Despite ongoing proactive efforts to mitigate these risks, cargo theft has remained notably high across all commodity incidents. There has been a drop in theft from facilities (26% to 21%) but a rise in stolen goods from containers and trailers (4% to 14%) and from employee belongings, truck parts or cash (7% to 10%). This is a trend seen across the food and beverage sector, with many attributing it to a perception that stealing food in transit is relatively easy to execute in comparison to higher-value commodities; food may be less likely to be shipped with tracking devices and anti-theft technologies, potentially making it more vulnerable.

The data presents a complicated global picture, with many diverse considerations across markets and regions. Yet, the benefits that come from supply chain actors staying vigilant against disruption remain consistent. For example, commodity robbery is most prevalent in Europe (37%) and North America (23%). However, violent hijackings more frequently took place in North and South America. Furthermore, BSI’s data outlines that nearly seven in ten (68%) thefts globally in 2023 occurred in trucks; thieves commonly targeted parked trucks in Europe, linked to a lack of secure parking as well as rest requirements for drivers.

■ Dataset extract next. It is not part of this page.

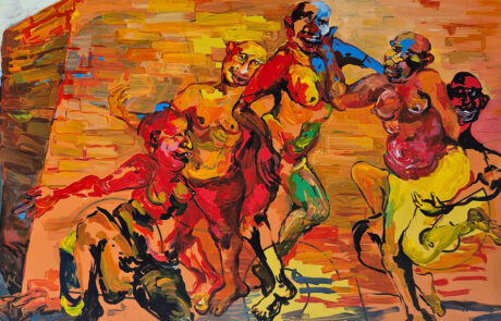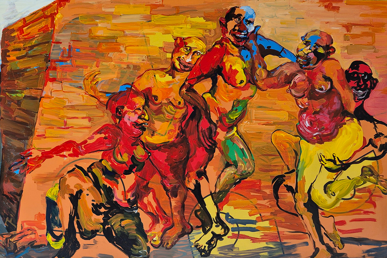 Busco accionar colectivamente cómo se ve la dulzura aquí y ahora en Lima, porque considero que cuando dejamos de seguir las normas sociales, aparece un trato atento y se da la confraternidad. Junto a mujeres y diversidades, realizo performances donde jugamos fuera de lo esperado en espacios públicos para que, tanto quienes participamos como quienes nos ven en la calle o en video, podamos sonreír por al menos un momento ante una ciudad injusta y violenta. Ese sentimiento lo llevo a mi pintura, donde retrato personas sin accesorios, sin vergüenza y con ganas de contacto.

Data-driven preparation and trust remain key defenses to mitigate risk

Preparation is crucial for organizations to recognize the changing nature of risk and its potential to unlock new opportunities. Within this “new era” of uncertainty and extreme climate events, organizations can put themselves on the front-foot by considering an evolved, proactive approach to risk, powered by data and actionable insights to enhance efficiency and strengthen existing measures. These insights can help organizations address today’s pressing global supply chain challenges to manage and mitigate vulnerabilities faster and more accurately than human capability alone. While technology has a role to play, it is worth noting that the human touch is essential to fine-tune all data-based approaches. By combining human and digital forces, organizations will have the opportunity to utilize a 360-degree perspective of the market in order to future-proof their operations against whatever is coming down the track.

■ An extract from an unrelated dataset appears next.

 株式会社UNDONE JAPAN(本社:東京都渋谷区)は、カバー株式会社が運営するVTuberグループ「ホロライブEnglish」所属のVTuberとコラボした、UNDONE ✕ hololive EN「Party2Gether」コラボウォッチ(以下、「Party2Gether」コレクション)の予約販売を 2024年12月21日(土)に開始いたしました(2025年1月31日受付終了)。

Additionally, the data highlights that trust is the most valuable commodity in the supply chain. As complexity and scale increase, trust becomes the cornerstone of collaboration and risk mitigation. Trust must be earned both with peers and colleagues, but once in place it can facilitate industry-wide collaboration. This matters because given the rapidly changing nature of our environment, no single organization can succeed alone in unlocking today’s opportunities and best practices.

Mapping a path forward together

The moment to come together and partner to succeed is now – to overcome the most prevalent actors having a major impact on the global food supply chain – geopolitical tension, inflation, cybersecurity, transatlantic ties and green investment. The prize of a better, safer, more sustainable global supply chain where businesses can confidently ensure the safe travel of food products from source to shelf can be earned together.